White spruce trees are beautiful coniferous trees that look kind of like Christmas trees. They can grow up to 100 feet tall, and they grow across North America. They are cone bearing seed plants.

One place they have not been known to grow is on the Arctic tundra in Alaska. When shadows in northwest Alaska were spotted on satellite images, ecologist Roman Dial and his friend, Brad Meiklejohn, wanted to learn what caused them.

In 2019, they took a single engine bush plane out of Kotzebue on the northwest coast of Alaska and flew as far as they could. They still had to hike for five days across the tundra to reach the area shown in those satellite images. Tundra is an area of land that hinders tree growth because of frigid temperatures and short growing seasons.

When the men reached the area, they were stunned to find many white spruce trees. They shouldn’t have been able to grow there, but they were spreading across the tundra at a rate of two-and-a-half miles every 10 years.

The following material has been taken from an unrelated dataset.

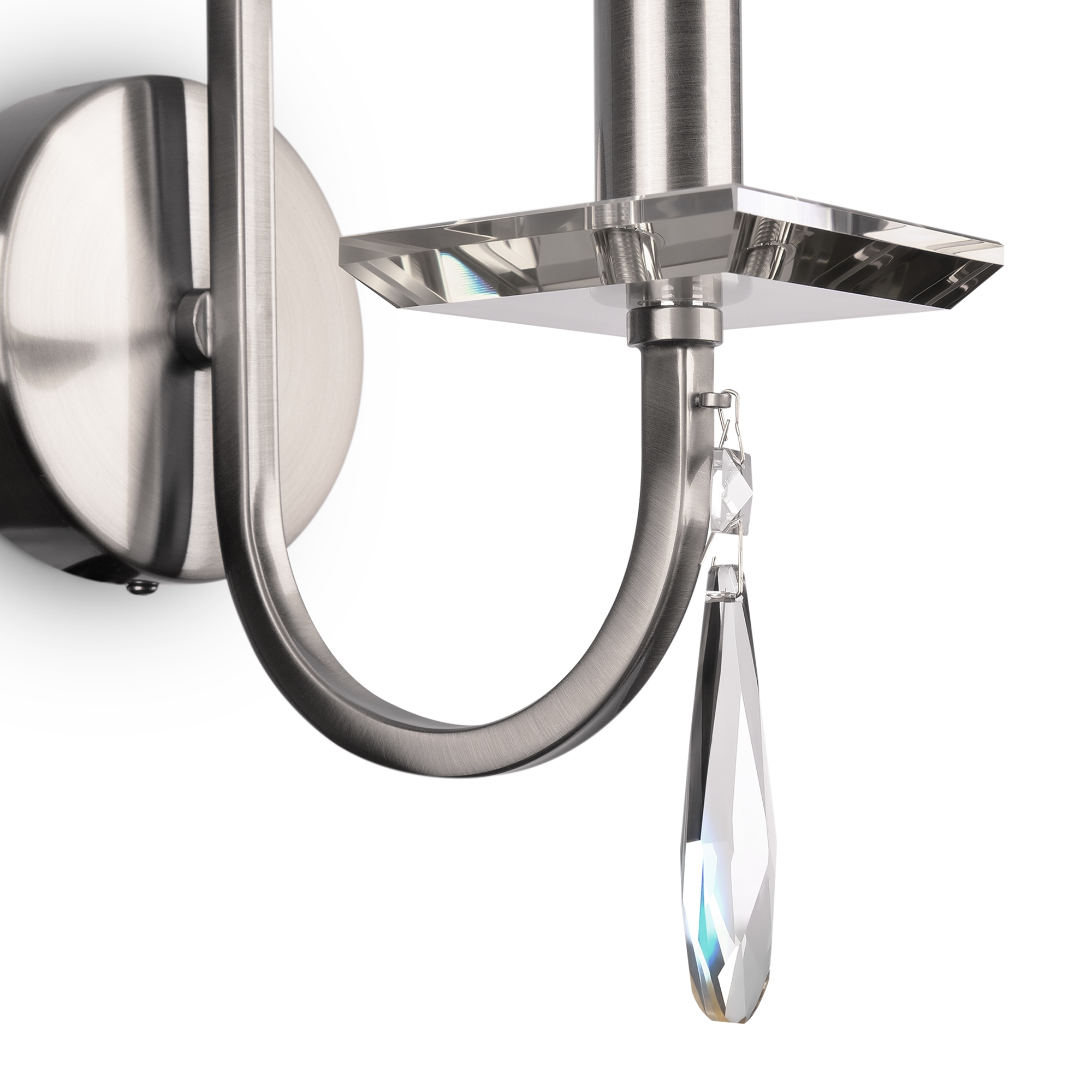 Металлическая арматура в двух оттенках: латунь и никель. Классическая форма плафона в виде свечи. Торшер и настольная лампа имеют тканевые абажуры. Белые – для арматуры цвета никель, оттенка кремовый шампань – для латунной. Декор – прозрачные хрустальные подвесы каплевидной формы. Торшер с цоколем Е27, лампа, бра и люстры – Е14.

Discovering trees there alarmed the men. It was proof of a phenomenon called Arctic greening. It happens when the climate warms enough that plants and vegetation can grow in areas where they once were seldom if ever seen. The white spruce tree line was moving faster than any other conifer tree line that scientists had ever measured. The men’s find was remarkable enough that science journalist Matt Simon wrote about it in the Sept. 27, 2022 issue of Wired Science. Dial also wrote an article about it in the September 2022 Nature magazine. Much of the information in this blog came from Matt Simon’s article.

Because of climate change, the Arctic is warming up four times faster than the rest of the planet, and white spruce trees are taking root at an alarming rate. Dial and Meiklejohn found white spruce trees that looked like chest high Christmas trees. Some were much smaller, but they were thriving. White spruce seeds usually don’t travel more than a few hundred feet from the tree, but these seeds were traveling up to seven miles, even crossing mountains.

The land on which the trees are growing has been covered with permafrost, ground that remains below 32 degrees Fahrenheit for two or more years. But as the area warms, the permafrost is starting to thaw. Those frozen soils contain dead organic matter that never fully decomposed.

As the soil warms, the organic matter starts to decay, and microbes increase in the soil. That provides needed nutrients for the trees, but it also creates serious problems. The frozen organic matter kept carbon dioxide and methane frozen so it couldn’t get into the atmosphere. But once permafrost began to melt, those potent greenhouse gases began to release. Greenhouse gases act kind of like a blanket wrapped around the planet to keep heat closer to the Earth’s surface.

The discovery of those white spruce trees that Dial and Meiklejohn made is one more indication that our world may be getting warmer a lot faster than we expected.